Assigned task -
Below are some entries. Transcribe the lines from the one holding "赤霉素(GA)和细胞分裂素(BA)和去顶" to the one holding "豆腐切塊,要切厚,上鍋干蒸,3至5分鐘,蒸的時(shí)", inclusive, but not the pictures among them.

(The input begins)

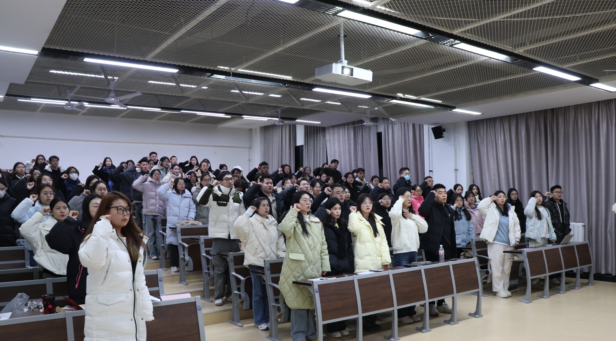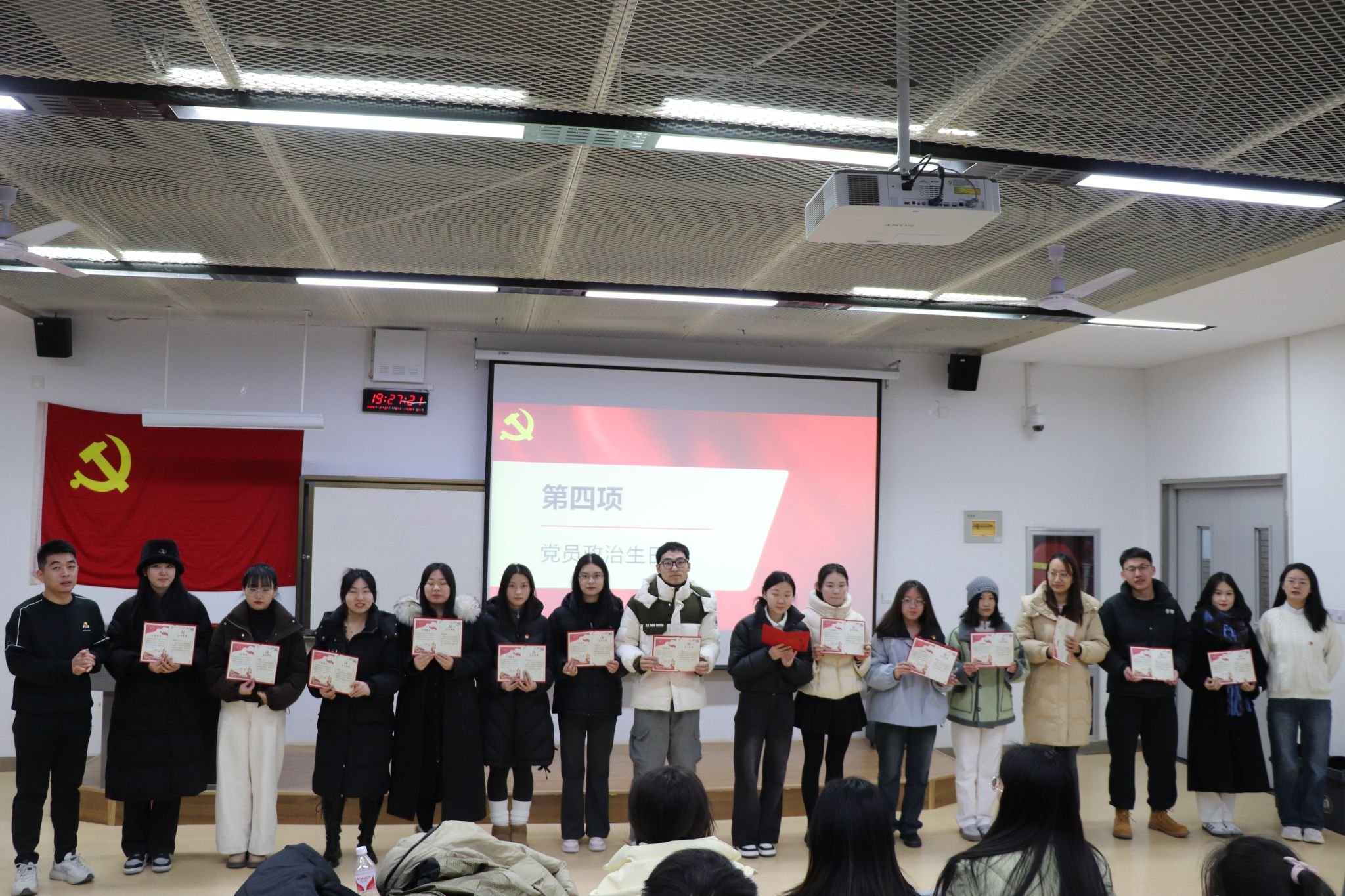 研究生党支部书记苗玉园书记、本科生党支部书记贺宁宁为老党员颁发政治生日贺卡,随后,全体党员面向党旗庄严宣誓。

(The input ends)
(The input begins)

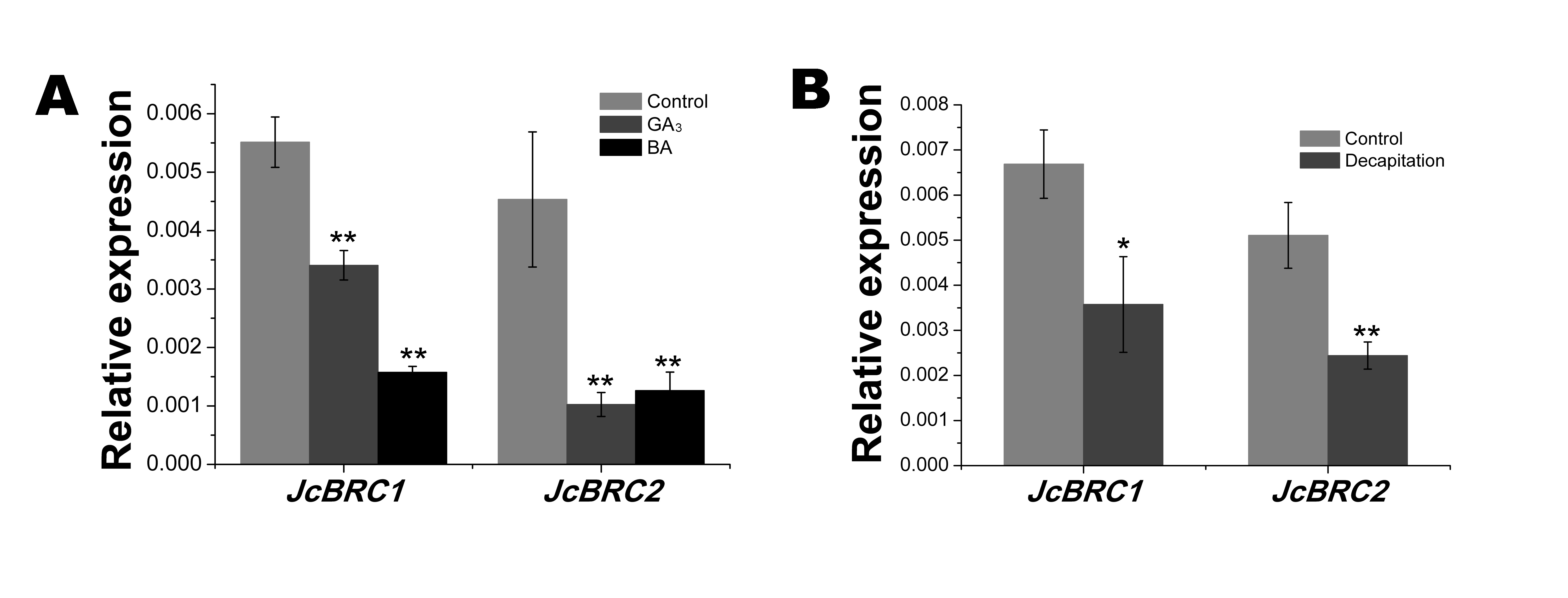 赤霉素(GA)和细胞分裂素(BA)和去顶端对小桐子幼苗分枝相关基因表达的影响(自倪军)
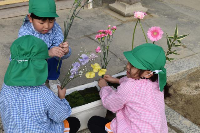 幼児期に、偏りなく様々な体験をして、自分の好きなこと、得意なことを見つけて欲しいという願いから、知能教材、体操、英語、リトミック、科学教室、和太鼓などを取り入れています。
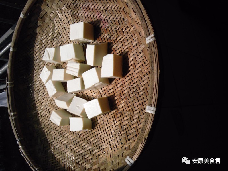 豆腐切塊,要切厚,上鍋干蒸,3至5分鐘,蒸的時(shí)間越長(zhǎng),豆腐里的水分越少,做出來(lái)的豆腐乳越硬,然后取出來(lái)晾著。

(The input ends)

Answer for the task -
 赤霉素(GA)和细胞分裂素(BA)和去顶端对小桐子幼苗分枝相关基因表达的影响(自倪军)
 幼児期に、偏りなく様々な体験をして、自分の好きなこと、得意なことを見つけて欲しいという願いから、知能教材、体操、英語、リトミック、科学教室、和太鼓などを取り入れています。
 豆腐切塊,要切厚,上鍋干蒸,3至5分鐘,蒸的時(shí)間越長(zhǎng),豆腐里的水分越少,做出來(lái)的豆腐乳越硬,然后取出來(lái)晾著。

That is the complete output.